Continuing may propagate corruption to other components, databases, or external systems
Users may act on incorrect data before the problem is noticed
The root cause becomes obscured as symptoms appear far from the original error
Recovery is easier when corruption hasn't spread

Fail-Fast Implementation Patterns

•Assertions — Check invariants throughout code. If invariants are violated, crash immediately rather than continuing. assert balance >= 0 fails fast on negative balance.
•Precondition Validation — Validate all inputs before processing. Reject invalid inputs immediately rather than attempting partial processing.
•Null Rejection — Null/nil values in unexpected places cause immediate exceptions rather than silent null propagation (or use Option/Maybe types).
•Type Systems — Strong type systems catch certain error classes at compile time, the earliest possible point.
•Immutability — Immutable data can't be corrupted after creation.

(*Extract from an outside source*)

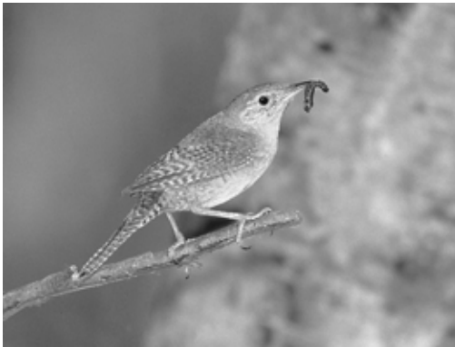
Figure 49. House Wren reaches the northern limit of its range in British Columbia in the Boreal and Taiga Plains ecoprovinces where it is uncommon in summer.

Not reported by Williams (1933b). Cowan (1939) found House Wren (Figure 49) common in the Swan Lake area but less abundant around Charlie Lake. Penner (1976) called it relatively “rare” in the Peace River valley, citing one record for 1973 and a second for 1975.
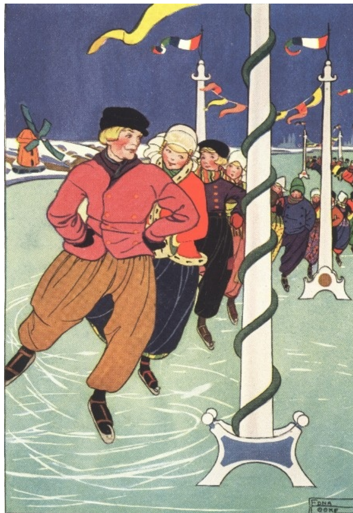
Skating slowly the boys and girls moved forward

It was beautiful to see the bright procession glide along like a living creature. It curved and doubled, and drew its graceful length in and out among the arches—whichever way Peter, the head, went, the body was sure to follow. Sometimes it steered direct for the centre arch, then, as if seized with a new impulse, turned away and curled itself about the first one; then unwound slowly and bending low, with quick, snake-like curvings, crossed the river, passing at length through the furthest arch.

Attempts to mutate fail fast.
•Transaction Abort — In databases, any anomaly causes transaction abort and rollback rather than partial commit.
•Connection Rejection — Load balancers reject new connections when unhealthy rather than accepting and failing slowly.
•Process Crash — Let supervisors (systemd, Kubernetes) detect crashed processes and restart them. Crash cleanly rather than limping along.

The Erlang Philosophy

Erlang's 'Let It Crash' philosophy is the premier example of fail-fast thinking. Rather than defensive programming everywhere, processes crash on unexpected conditions. Supervisor processes detect crashes and restart workers. The system is designed for components to fail cleanly and recover automatically. This approach powers some of the world's most reliable telecom systems.

When Fail-Fast Excels:

Data integrity is paramount — Better to reject a transaction than corrupt the database
Errors have cascading consequences — Early failure prevents downstream corruption
Debugging speed matters — Crash at the point of the problem
Recovery mechanisms exist — Supervisor restarts, transaction rollback, retry logic
Inconsistent state is dangerous — Financial, medical, safety-critical systems

The Fail-Safe Philosophy

Fail-safe systems are based on a different principle: availability is so critical that continued operation may be more valuable than perfect correctness.

The Fail-Safe Argument:

Not all failures are catastrophic. Many anomalies are transient or minor. Crashing on every unexpected condition means:

Users experience frequent outages
Minor issues cause major disruptions
Teams become desensitized to frequent crashes
The system is less stable than its components

Fail-safe advocates argue that systems should:

Attempt to recover from transient failures
Operate in degraded modes when healthy recovery isn't possible
Fail only when truly dangerous conditions exist
Keep providing value even when imperfect

Fail-Safe Implementation Patterns

•Retry with Backoff — Transient failures are retried automatically with exponential backoff. Many failures resolve without user impact.
•Fallback Responses — When primary data source fails, use cached data, default values, or alternative sources.
•Graceful Degradation — Reduce functionality rather than failing completely. Show cached product data if real-time inventory check fails.
•Circuit Breakers — Temporarily stop calling failing dependencies, use fallbacks, try again later when healthy.
•Self-Healing — Automatically restart failed components, rebuild corrupted indexes, retry failed background jobs.
•Loose Coupling — Components continue operating even when dependencies fail temporarily.
•Background Repair — Detect inconsistencies but repair in background rather than blocking operations.
•Error Absorption — Non-critical errors are logged but don't propagate up to crash the request/process.

When Fail-Safe Excels

•Availability is critical for safety (medical monitoring)
•Errors are often transient (network issues)
•Users need continuous access
•Imperfect data is better than no data
•Cost of outage exceeds cost of imperfection

Fail-Safe Dangers

•Corruption may spread before detection
•Root cause becomes obscured
•Debugging is harder
•Users may trust incorrect data
•Background repair may never catch up

The Fail-Safe Trap

Overly aggressive fail-safe design can mask serious problems. A system that absorbs all errors may accumulate corruption silently until it catastrophically fails. Signal-to-noise ratio degrades as teams ignore 'routine' errors that turn out to be symptoms of critical issues.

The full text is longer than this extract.